Comment 2 Julian Seward 2010-09-30 16:20:36 UTC
Maynard, thanks for looking at this.  This is on a PowerPC 970
(dual processor, but not dual core) -- PPC970FX I guess.
Comment 3 Maynard Johnson 2010-10-12 16:10:46 UTC
(In reply to comment #2)
> Maynard, thanks for looking at this.  This is on a PowerPC 970
> (dual processor, but not dual core) -- PPC970FX I guess.
Finally getting back to this.  Testing on a 970FX now, I've found that the 64-bit jm-vmx testcase passed in valgrind 3.2.1.  Thereafter, the story gets a bit muddy.
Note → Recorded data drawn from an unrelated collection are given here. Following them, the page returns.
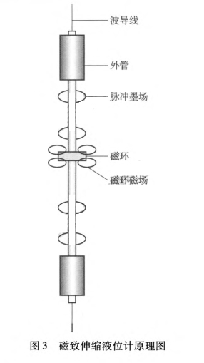 磁致伸縮液位計是根據(jù)磁致伸縮原理進行工作的液位計,具體工作原理:在非磁性的波導(dǎo)管內(nèi)安裝一根磁致波導(dǎo)線,波導(dǎo)管外部安裝有隨液面進行上下運動的磁性浮子,在磁致波導(dǎo)線的其中一端裝有壓磁傳感器,傳感器在每個時間單位發(fā)出一定數(shù)量的電流脈沖信號,此信號沿著磁致波導(dǎo)線向下傳送,從而產(chǎn)生一個向下運動的磁環(huán)磁場,該磁環(huán)磁場同磁性浮子的磁場相互作用,從而產(chǎn)生一個脈沖磁場,脈沖以已知速度沿磁致波導(dǎo)線運動,并被壓磁傳感器接收,通過計算起始電流脈沖和返回脈沖的時間間隔得出浮子的位置,如圖3所示。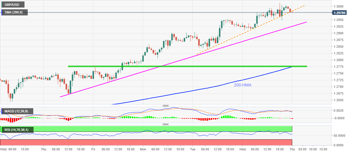 GBP/USD eases to 1.2980 during Thursday’s Asian session. In doing so, the Cable takes a U-turn from the highest since the early March while cheering the break of the immediate support line. Also suggesting further pullback is the bearish MACD signal and downward sloping RSI.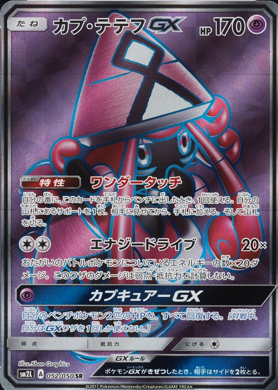 The Tapu Lele GX 2017 Japanese Sun & Moon: Alolan Moonlight #052/050 Super Rare (Full Art) card in Raw TCG (Near Mint) condition has not changed in price in the last 30 days.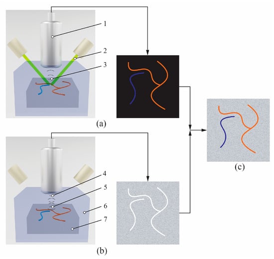 PAUS principle: (a) PA image, (b) US image, (c) overlaid PAUS image. 1—US transducer, 2—laser beam, 3—US waves generated by the PA effect, 4—US waves emitted from the transducer, 5—reflected US waves, 6—US propagation environment, 7—tissue sample.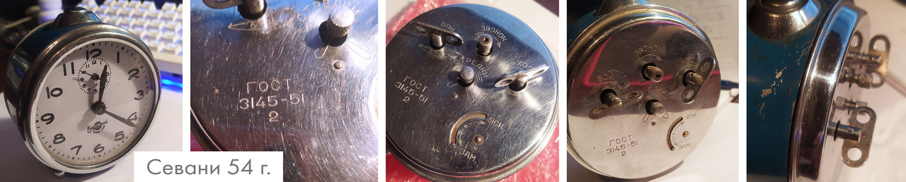 Прилагаю фото своего будильника - 54 года, более позднего - с центральной сигнальной стрелкой, и еще более позднего - в таком виде они выпускались, кажется, до 80-х годов. Фото не мои, взяты с Авито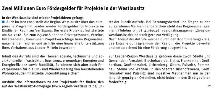 Zwei Millionen Euro Fördergelder für Projekte in der Westlausitz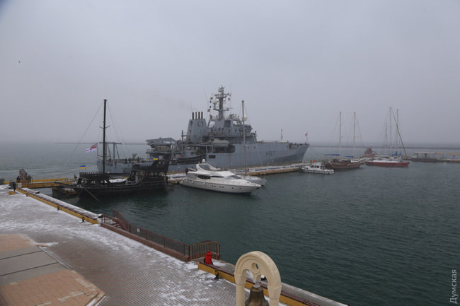 Приблизно о 10:35 його пришвартували до понтонного причалу яхт-клубу "Одеса". Це перший корабель НАТО, який відвідав Україну після нападу Росії на українські кораблі в Керченській протоці.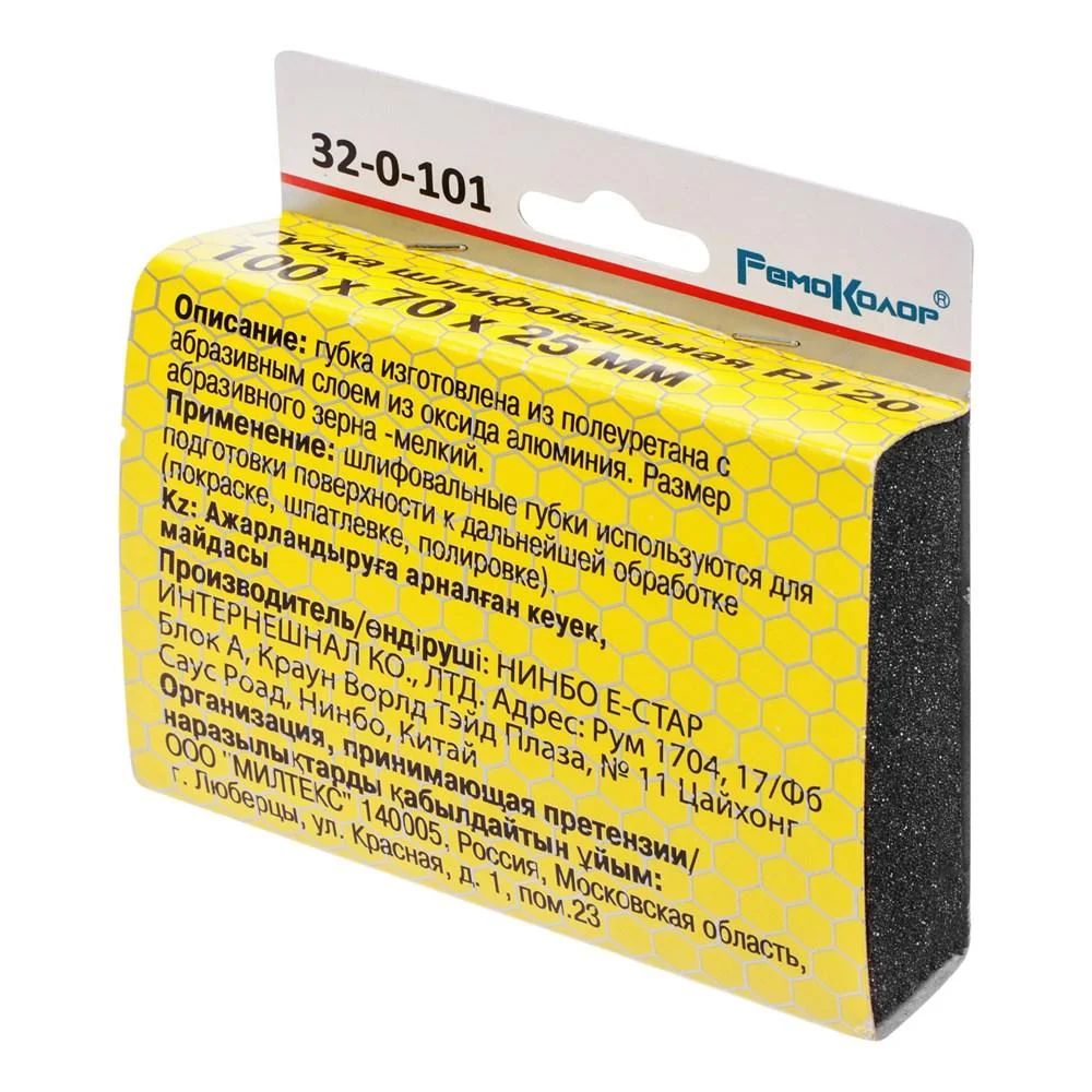 Губка шлифовальная Р120 100х70х25мм полиуретан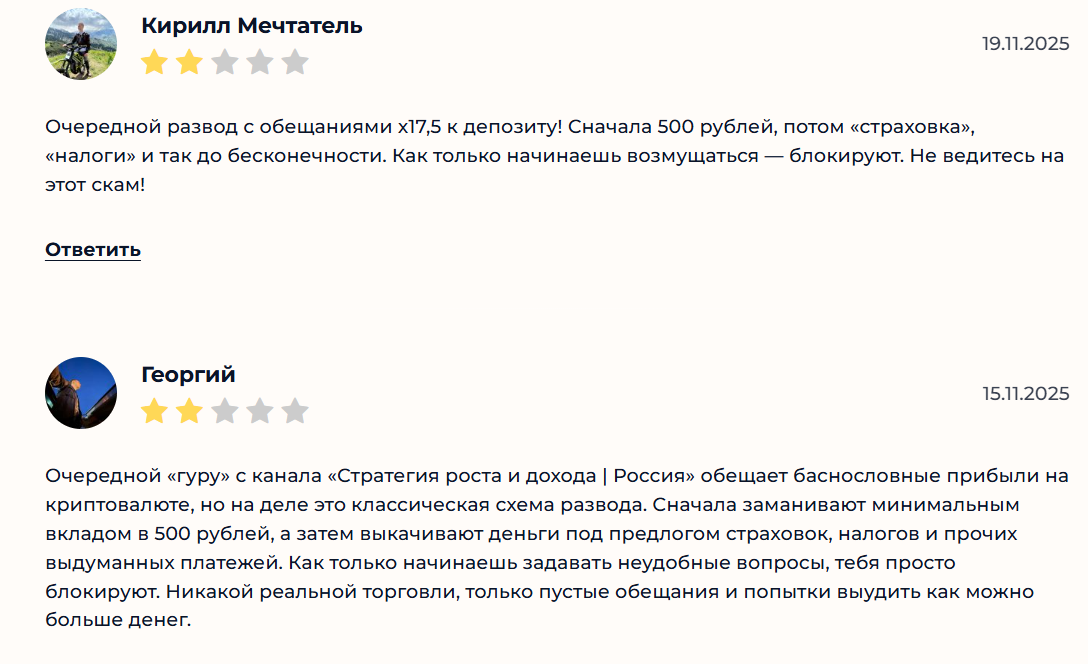 • негативные отзывы о проекте Индивидуальная стратегия роста на независимых ресурсах;
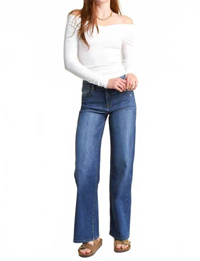 High Rise Wide Leg Jeans In Dark Wash In Blue
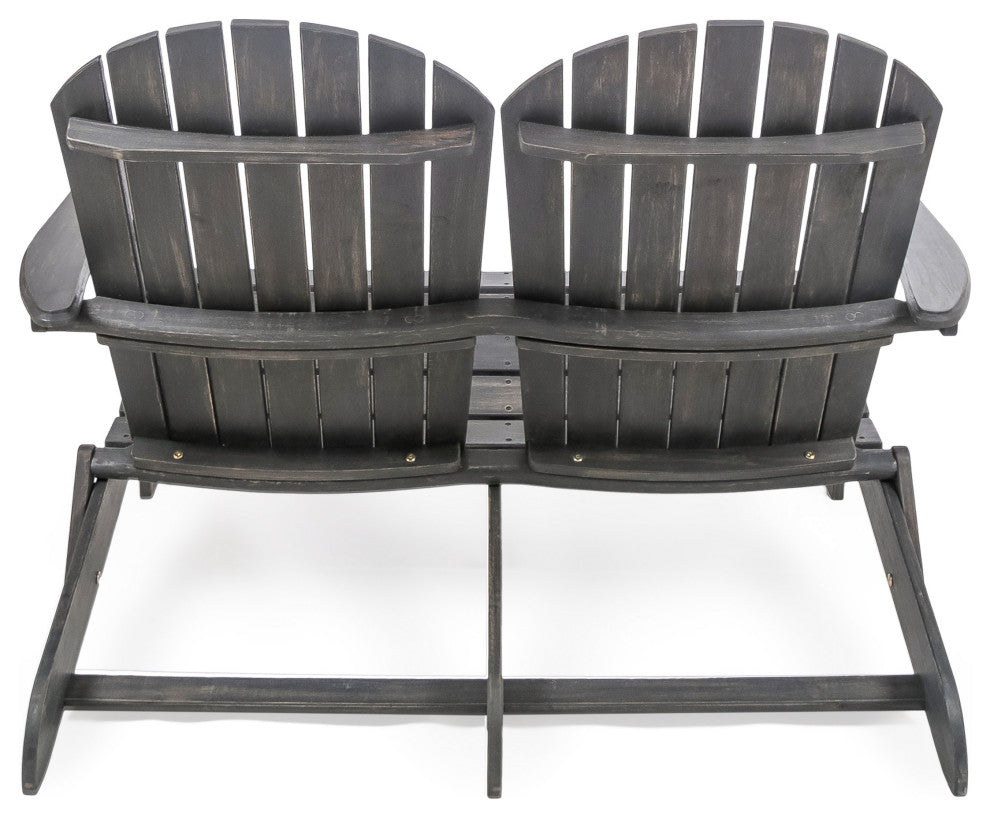 GDF Studio Vivian Outdoor Acacia Wood Adirondack Loveseat, Dark Gray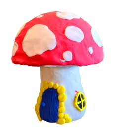 De paddestoel heb ik gemaakt door een grote bol piepschuim in tweeën te snijden en zo’n halve bol op een wc rolletje te plakken (met een lijmpistool). Dat heb ik bekleed met lightclay.

The valgrind release archive web page is missing the tar balls for all releases between 3.2.1 and 3.4.1.  I tested 3.4.1 and first found that the jm-vmx tests (both 32-bit and 64-bit weren't being built correctly (needed HAVE_ALTIVEC_H and HAS_ALTIVEC to be defined, but neither were).  I hacked the testcases so they would build for running the VMX test code.  Then, running the tests, I found the 32-bit version still worked as it did in 3.2.1, but the 64-bit version now fails with the symptoms described in this bug.  Running the 64-bit jm-insns program natively (without valgrind) produces correct results, so it is apparently a bug in the valgrind core.  Still investigating . . .
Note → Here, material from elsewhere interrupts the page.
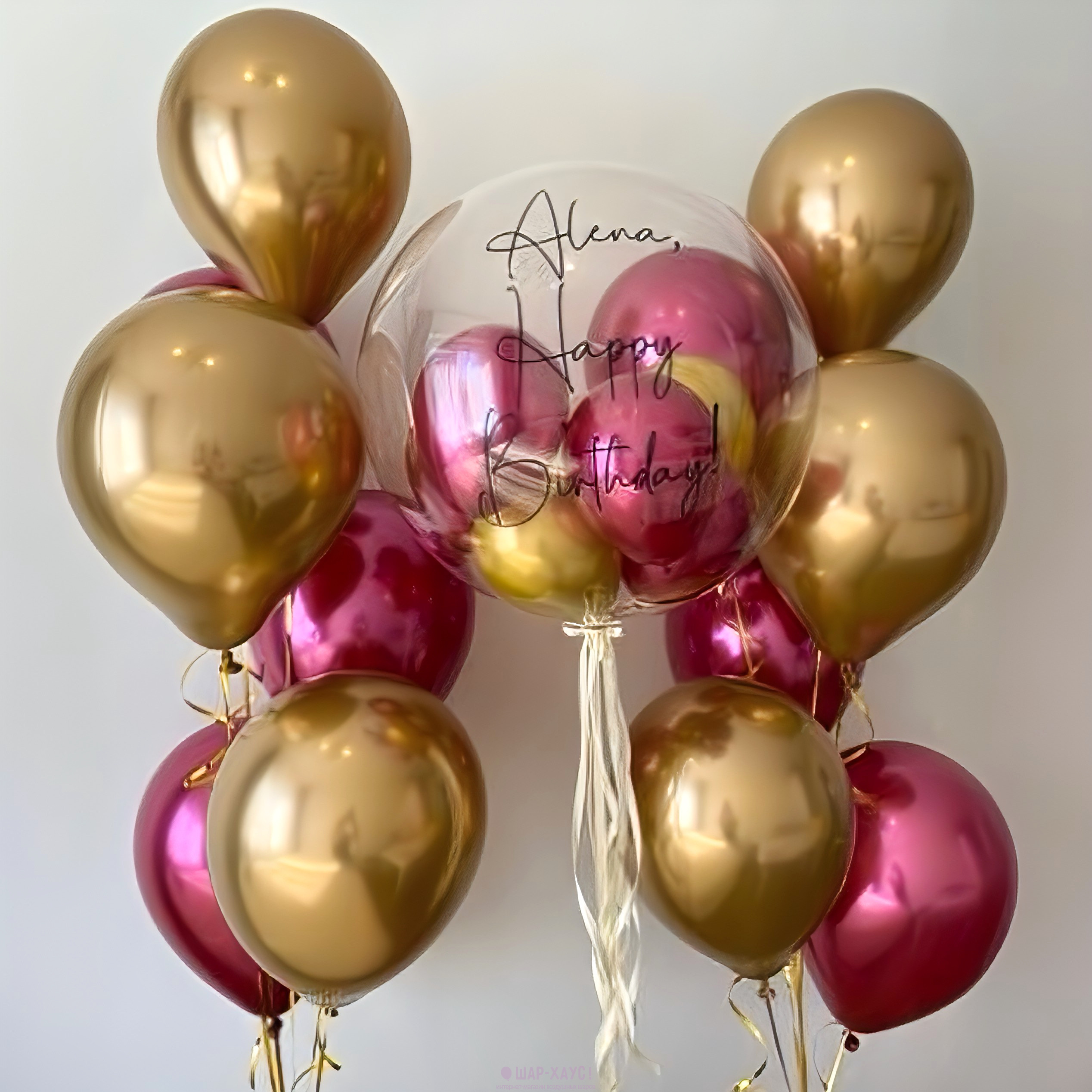 • 1 Воздушный шар Бабл с шарами внутри и надписью на выбор (60 см)

Comment 4 Julian Seward 2010-10-12 16:38:29 UTC
(In reply to comment #3)
> The valgrind release archive web page is missing the tar balls for
> all releases between 3.2.1 and 3.4.1

They are all actually still there, in

http://www.valgrind.org/downloads/valgrind-3.2.3.tar.bz2
                                 /valgrind-3.3.0.tar.bz2
                                 /valgrind-3.3.1.tar.bz2
                                 /valgrind-3.4.0.tar.bz2
                                 /valgrind-3.4.1.tar.bz2
                                 /valgrind-3.5.0.tar.bz2

They are not linked to from the web pages but are wget-able.
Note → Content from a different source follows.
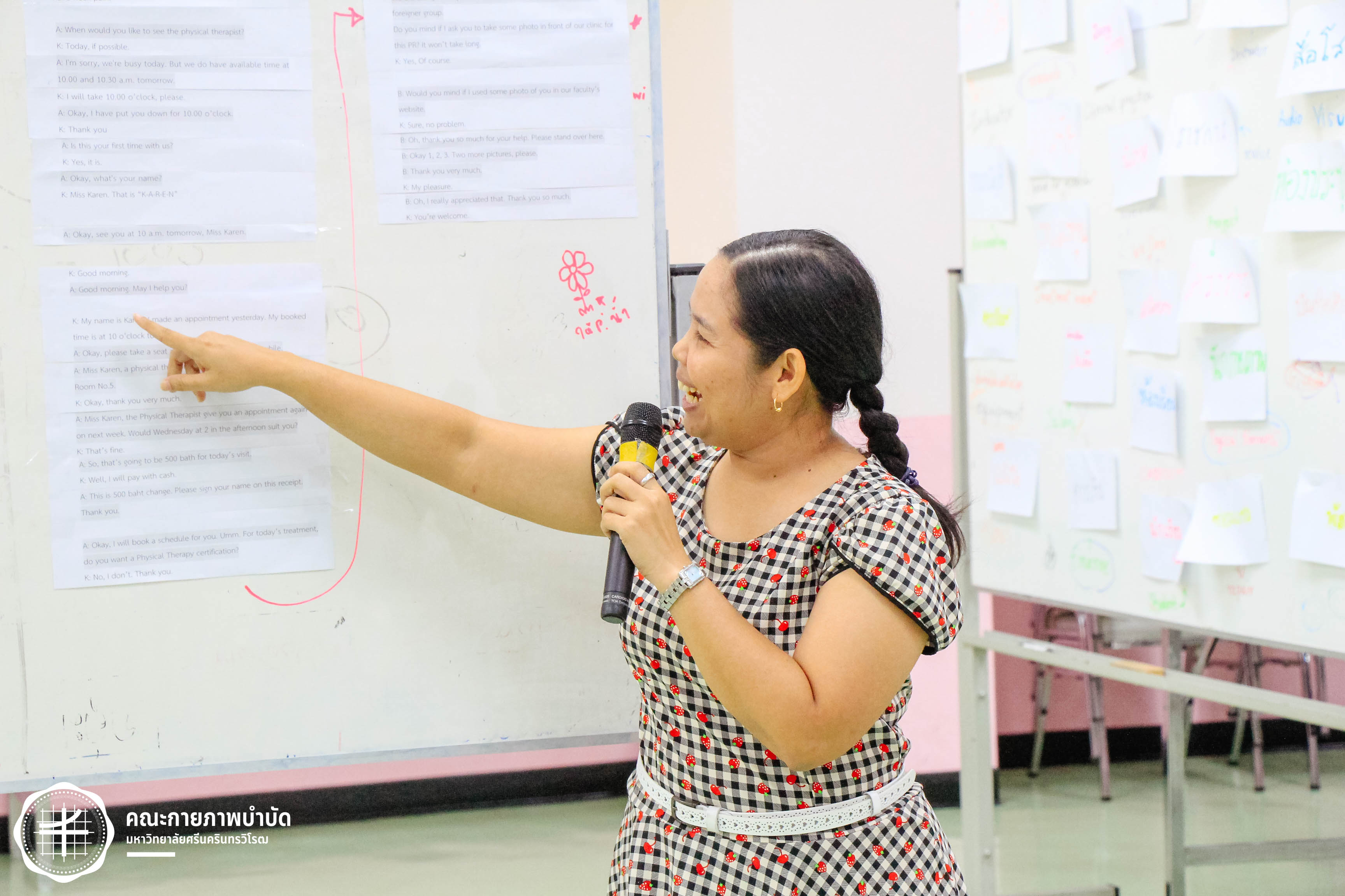 เมื่อวันที่ 20 กุมภาพันธ์ 2563 คณะกายภาพบำบัด มศว จัดโครงการพัฒนาการสื่อสารภาษาอังกฤษในการปฏิบัติงานของบุคลากรสายปฏิบัติการ เพื่อเพิ่มพูนความรู้ ความสามารถในการใช้ภาษาอังกฤษ สำหรับการสื่อสารในการปฏิบัติงานให้กับบุคคลากรสายปฏิบัติการ และสามารถต่อยอดความรู้และทักษะการสื่อสารภาษาอังกฤษในระดับที่สูงขึ้นต่อไป โดยมี อ.ดร.กนกวรรณ ทองโชติ อ.พิมพ์พร กล้วยอ่อน และ อ.ดร.อภิสรา โสมทัศน์ เป็นวิทยากร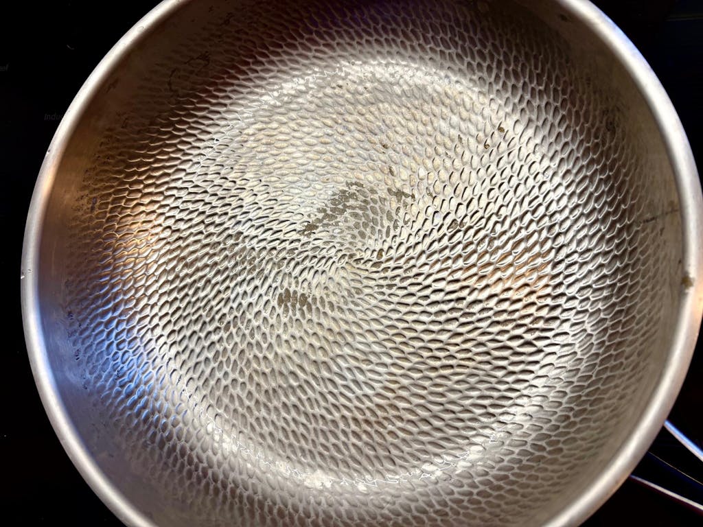 Forget chemical coatings. Our titanium pan features a handcrafted micro-texture inspired by the lotus leaf—nature’s original non-stick surface.

Comment 5 Maynard Johnson 2010-10-14 17:20:04 UTC
OK, the regression occurred in 3.4.0.  Both the 32-bit and 64-bit jm-vmx tests work OK on 3.3.1.  As I noted above, in order for the jm-vmx tests to build correctly with 3.4.0, I had to hack the testcases to define HAVE_ALTIVEC_H and HAS_ALTIVEC.  Then the 32-bit test passed, and the 64-bit test failed with the symptoms described in this bug.  I've been beating my head against the wall for a couple days trying to debug this.  I freely admit to not having a very good understanding of the valgrind code.  I don't know if this is the right tactic, but using the tips from README_DEVELOPERS, I've been setting debugging_translation at entry to VG_(translate) for ip addrs around the point of failure.  But the debugging output I get (register allocation code) has not been helpful -- or maybe I just don't know how to interpret it.  Julian, do you have any tips for debugging this?  Thanks.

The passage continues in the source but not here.